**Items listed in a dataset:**
════════

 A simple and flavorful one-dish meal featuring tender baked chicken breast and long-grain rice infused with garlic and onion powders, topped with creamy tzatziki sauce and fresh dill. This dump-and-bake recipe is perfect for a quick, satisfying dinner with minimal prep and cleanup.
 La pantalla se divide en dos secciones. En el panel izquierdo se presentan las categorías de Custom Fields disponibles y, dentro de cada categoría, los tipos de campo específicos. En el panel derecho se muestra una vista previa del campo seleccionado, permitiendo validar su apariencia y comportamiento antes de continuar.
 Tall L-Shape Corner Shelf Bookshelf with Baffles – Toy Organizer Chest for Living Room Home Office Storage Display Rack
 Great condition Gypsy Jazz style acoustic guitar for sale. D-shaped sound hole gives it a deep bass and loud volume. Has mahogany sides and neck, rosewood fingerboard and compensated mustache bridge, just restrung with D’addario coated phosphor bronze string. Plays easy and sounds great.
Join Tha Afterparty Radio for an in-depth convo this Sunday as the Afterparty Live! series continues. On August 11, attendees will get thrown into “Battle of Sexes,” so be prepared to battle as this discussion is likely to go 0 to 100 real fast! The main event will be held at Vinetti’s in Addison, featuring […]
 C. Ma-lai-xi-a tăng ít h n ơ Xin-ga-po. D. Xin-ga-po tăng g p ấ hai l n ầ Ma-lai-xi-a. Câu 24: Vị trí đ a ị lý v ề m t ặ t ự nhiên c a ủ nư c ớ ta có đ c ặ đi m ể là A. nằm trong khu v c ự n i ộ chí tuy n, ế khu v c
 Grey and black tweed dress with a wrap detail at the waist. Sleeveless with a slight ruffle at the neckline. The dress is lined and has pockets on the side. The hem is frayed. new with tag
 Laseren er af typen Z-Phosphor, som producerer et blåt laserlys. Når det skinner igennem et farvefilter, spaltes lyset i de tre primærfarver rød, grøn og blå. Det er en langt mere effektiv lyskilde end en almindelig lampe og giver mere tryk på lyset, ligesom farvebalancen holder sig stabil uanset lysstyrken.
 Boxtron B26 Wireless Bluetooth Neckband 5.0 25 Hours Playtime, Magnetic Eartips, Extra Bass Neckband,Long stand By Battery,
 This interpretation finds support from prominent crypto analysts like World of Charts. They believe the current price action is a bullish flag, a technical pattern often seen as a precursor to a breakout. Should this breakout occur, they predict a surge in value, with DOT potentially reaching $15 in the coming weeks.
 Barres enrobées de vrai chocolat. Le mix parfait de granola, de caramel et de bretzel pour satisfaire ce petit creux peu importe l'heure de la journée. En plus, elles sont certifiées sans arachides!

════════

**EXERCISE:**
Please return exactly the lines from the opening line of the data above through the line with "Boxtron B26 Wireless", both included and nothing else.

**RESULT FOR THIS TASK:**
 A simple and flavorful one-dish meal featuring tender baked chicken breast and long-grain rice infused with garlic and onion powders, topped with creamy tzatziki sauce and fresh dill. This dump-and-bake recipe is perfect for a quick, satisfying dinner with minimal prep and cleanup.
 La pantalla se divide en dos secciones. En el panel izquierdo se presentan las categorías de Custom Fields disponibles y, dentro de cada categoría, los tipos de campo específicos. En el panel derecho se muestra una vista previa del campo seleccionado, permitiendo validar su apariencia y comportamiento antes de continuar.
 Tall L-Shape Corner Shelf Bookshelf with Baffles – Toy Organizer Chest for Living Room Home Office Storage Display Rack
 Great condition Gypsy Jazz style acoustic guitar for sale. D-shaped sound hole gives it a deep bass and loud volume. Has mahogany sides and neck, rosewood fingerboard and compensated mustache bridge, just restrung with D’addario coated phosphor bronze string. Plays easy and sounds great.
Join Tha Afterparty Radio for an in-depth convo this Sunday as the Afterparty Live! series continues. On August 11, attendees will get thrown into “Battle of Sexes,” so be prepared to battle as this discussion is likely to go 0 to 100 real fast! The main event will be held at Vinetti’s in Addison, featuring […]
 C. Ma-lai-xi-a tăng ít h n ơ Xin-ga-po. D. Xin-ga-po tăng g p ấ hai l n ầ Ma-lai-xi-a. Câu 24: Vị trí đ a ị lý v ề m t ặ t ự nhiên c a ủ nư c ớ ta có đ c ặ đi m ể là A. nằm trong khu v c ự n i ộ chí tuy n, ế khu v c
 Grey and black tweed dress with a wrap detail at the waist. Sleeveless with a slight ruffle at the neckline. The dress is lined and has pockets on the side. The hem is frayed. new with tag
 Laseren er af typen Z-Phosphor, som producerer et blåt laserlys. Når det skinner igennem et farvefilter, spaltes lyset i de tre primærfarver rød, grøn og blå. Det er en langt mere effektiv lyskilde end en almindelig lampe og giver mere tryk på lyset, ligesom farvebalancen holder sig stabil uanset lysstyrken.
 Boxtron B26 Wireless Bluetooth Neckband 5.0 25 Hours Playtime, Magnetic Eartips, Extra Bass Neckband,Long stand By Battery,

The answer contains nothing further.